[Stored items]
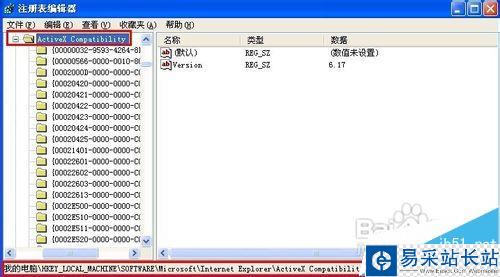 6、打開“注冊表編輯器”窗口,在左側注冊表樹窗口依次展開以下分支:HKEY_LOCAL_MACHINE/SOFTWARE/Microsoft/Internet Explorer/ActiveX Compatibility
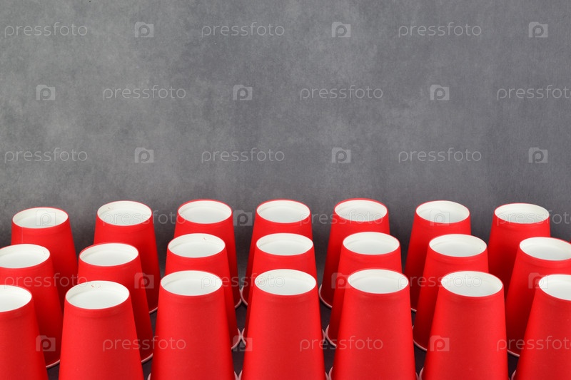 Красные бумажные стаканчики, расставленные в три ряда на горизонтальной поверхности
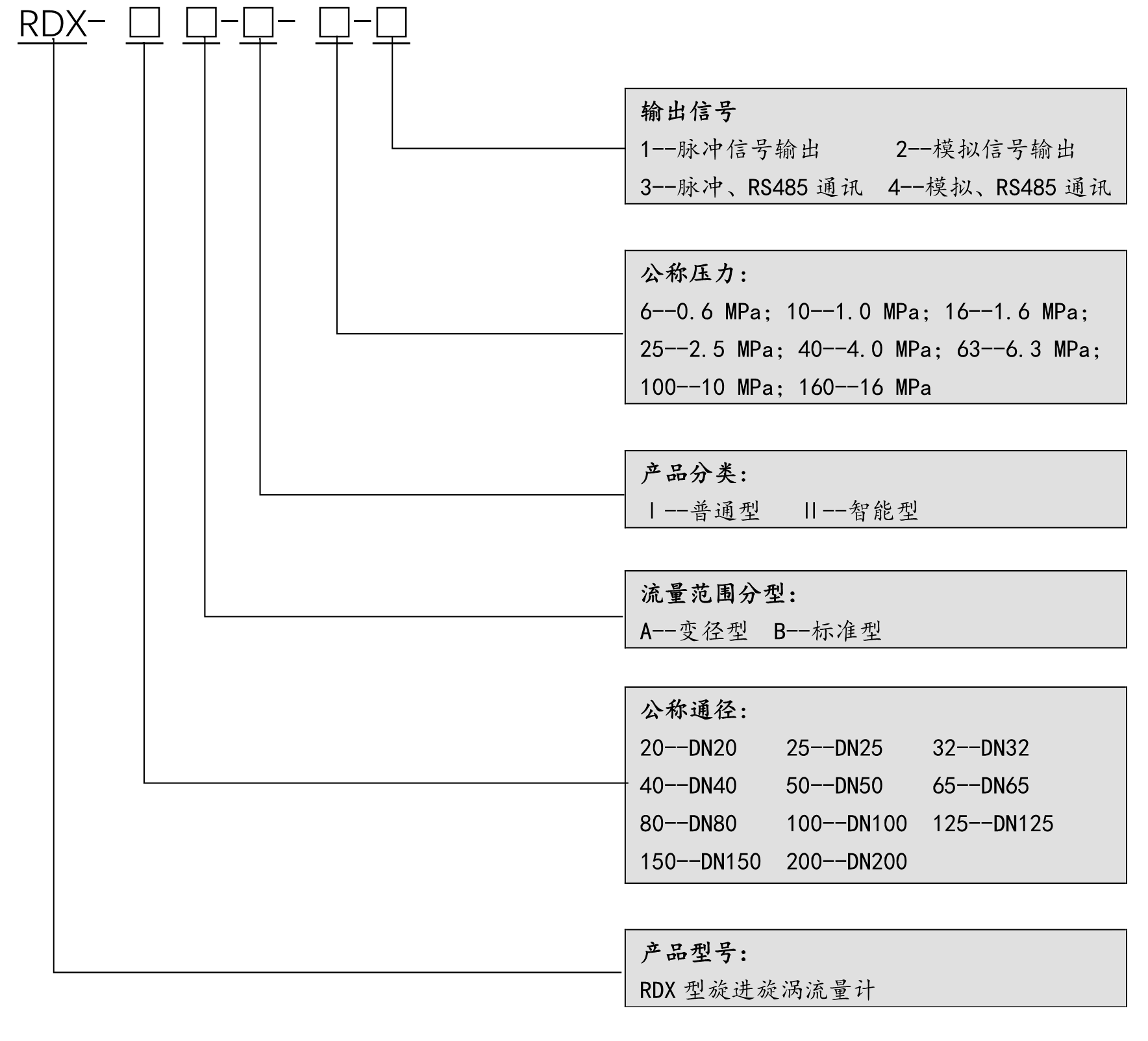 用戶訂購本產品時應根據管道公稱通徑、流量范圍、介質最大壓力及使用要求選擇合適的規格和修正儀配置。并按照下列格式詳細正確填寫。
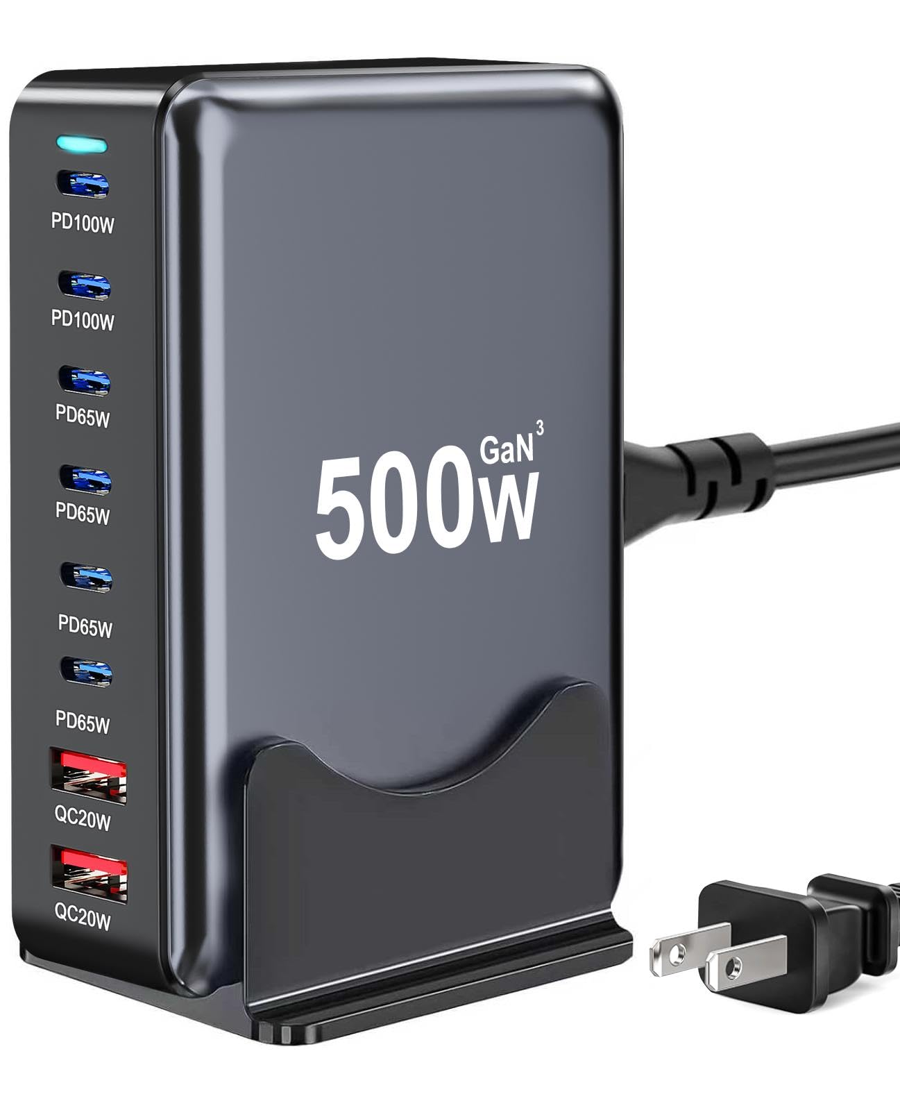 - Dual 100W PD Fast Charging Station: Experience blazing-fast charging with dual 100W power delivery ports, ideal for MacBooks, laptops, and high-power devices. The remaining 8 ports deliver efficient charging for phones, iPads, and wearables. This multi charging station cuts down wait times, ensuring you’re always powered up. Perfect for multitaskers and busy professionals.
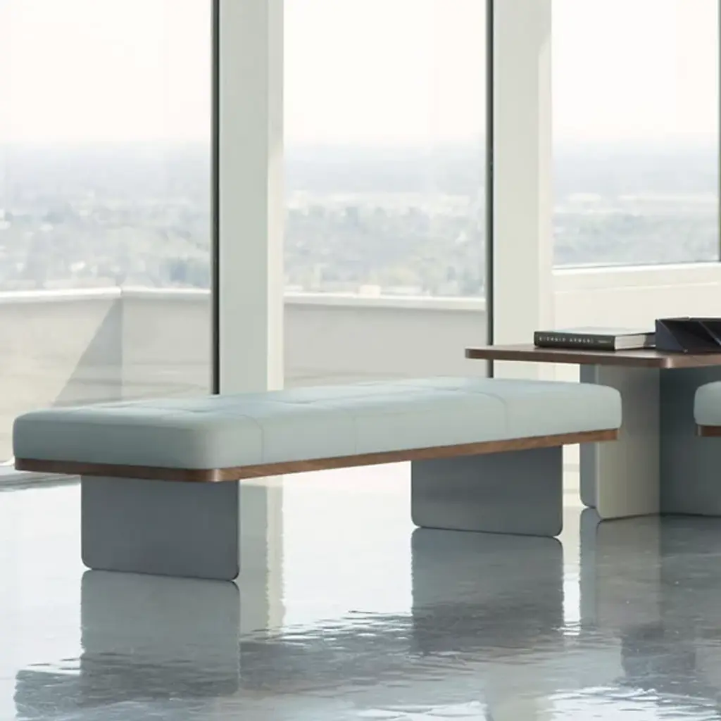 The Elevation Fin Base Bench from Bernhardt Design features quilted upholstery that rests upon metal supports. This modular system integrates wood, metal, and upholstery through geometric shapes and subtly curved profiles. Terry Crews achieves balance between sculptural appeal and functional seating through the bench's clean lines and material contrasts. The fin-leg base creates an asymmetrical foundation that supports the platform and cushioning above. This approach results in furniture that serves both individual seating needs and larger spatial configurations within contemporary environments.
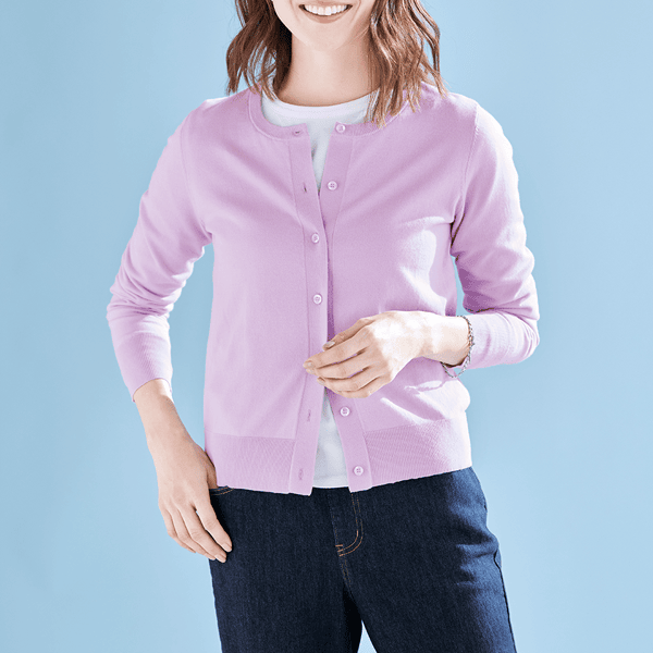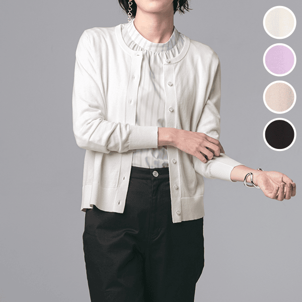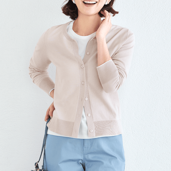 ほどよいゆとりでレイヤードしやすい上品カーデ。肌ざわりがよく、とても着心地がよいです。
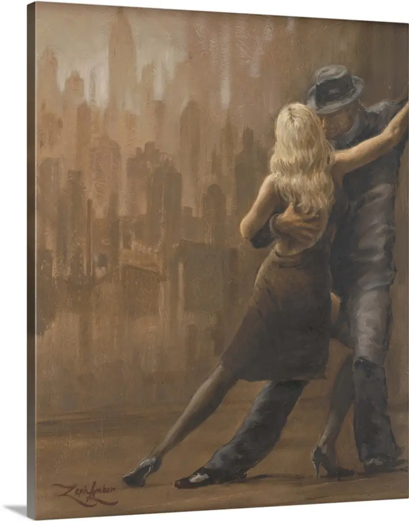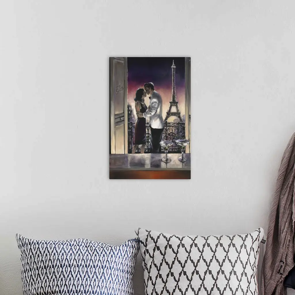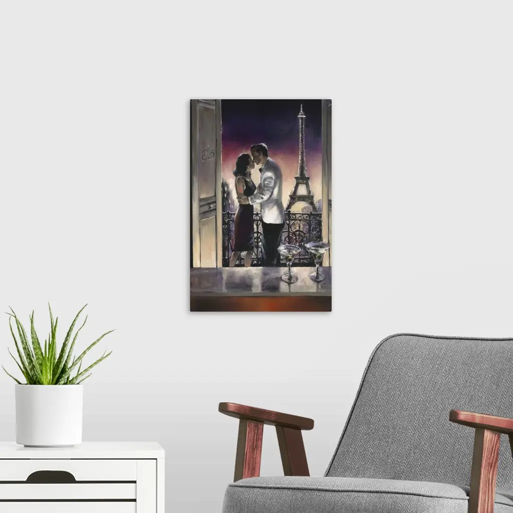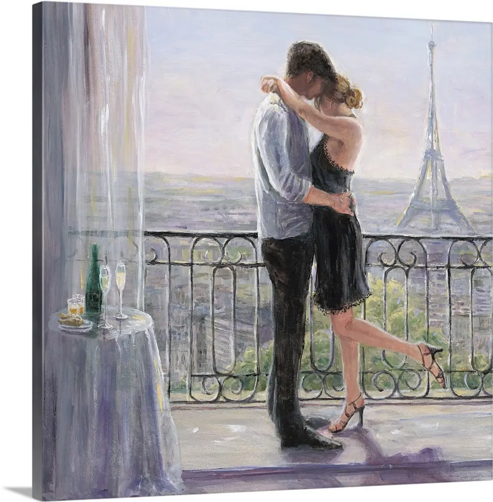 Contemporary painting of a man and woman sharing a kiss on a balcony with the Eiffel tower int he background.
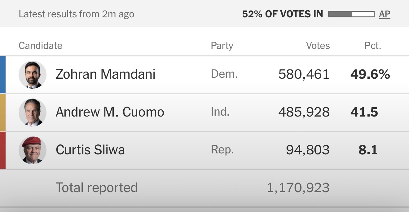 وحصل ممداني حتى لحظة كتابة الخبر على 580,461 صوتاً (49.6%)، بينما جاء المنافس المستقل أندرو كومو في المركز الثاني بـ485,928 صوتاً (41.5%)، وحل كيرتس سليوا ثالثاً بـ94,803 أصوات (8.1%)، من إجمالي أكثر من 1.17 مليون صوت جرى فرزهم حتى الآن.
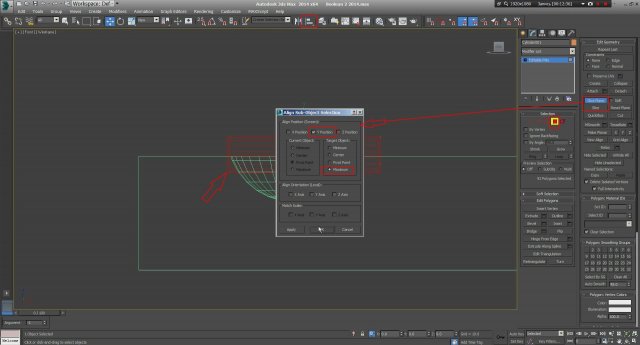 Теперь переходим к сфере, выделим у неё все полигоны и применим команду Slice Plane. Выравниваем плоскость Slice Plane по верхней границе бокса, как показано ниже. После этого, нажимаем на кнопку Slice, чтобы добавить новое ребро на сфере.

Requirement -> Leave out all images, then reproduce the entries above exactly.

Response below ->
 6、打開“注冊表編輯器”窗口,在左側注冊表樹窗口依次展開以下分支:HKEY_LOCAL_MACHINE/SOFTWARE/Microsoft/Internet Explorer/ActiveX Compatibility
 Красные бумажные стаканчики, расставленные в три ряда на горизонтальной поверхности
 用戶訂購本產品時應根據管道公稱通徑、流量范圍、介質最大壓力及使用要求選擇合適的規格和修正儀配置。并按照下列格式詳細正確填寫。
 - Dual 100W PD Fast Charging Station: Experience blazing-fast charging with dual 100W power delivery ports, ideal for MacBooks, laptops, and high-power devices. The remaining 8 ports deliver efficient charging for phones, iPads, and wearables. This multi charging station cuts down wait times, ensuring you’re always powered up. Perfect for multitaskers and busy professionals.
 The Elevation Fin Base Bench from Bernhardt Design features quilted upholstery that rests upon metal supports. This modular system integrates wood, metal, and upholstery through geometric shapes and subtly curved profiles. Terry Crews achieves balance between sculptural appeal and functional seating through the bench's clean lines and material contrasts. The fin-leg base creates an asymmetrical foundation that supports the platform and cushioning above. This approach results in furniture that serves both individual seating needs and larger spatial configurations within contemporary environments.
 ほどよいゆとりでレイヤードしやすい上品カーデ。肌ざわりがよく、とても着心地がよいです。
 Contemporary painting of a man and woman sharing a kiss on a balcony with the Eiffel tower int he background.
 وحصل ممداني حتى لحظة كتابة الخبر على 580,461 صوتاً (49.6%)، بينما جاء المنافس المستقل أندرو كومو في المركز الثاني بـ485,928 صوتاً (41.5%)، وحل كيرتس سليوا ثالثاً بـ94,803 أصوات (8.1%)، من إجمالي أكثر من 1.17 مليون صوت جرى فرزهم حتى الآن.
 Теперь переходим к сфере, выделим у неё все полигоны и применим команду Slice Plane. Выравниваем плоскость Slice Plane по верхней границе бокса, как показано ниже. После этого, нажимаем на кнопку Slice, чтобы добавить новое ребро на сфере.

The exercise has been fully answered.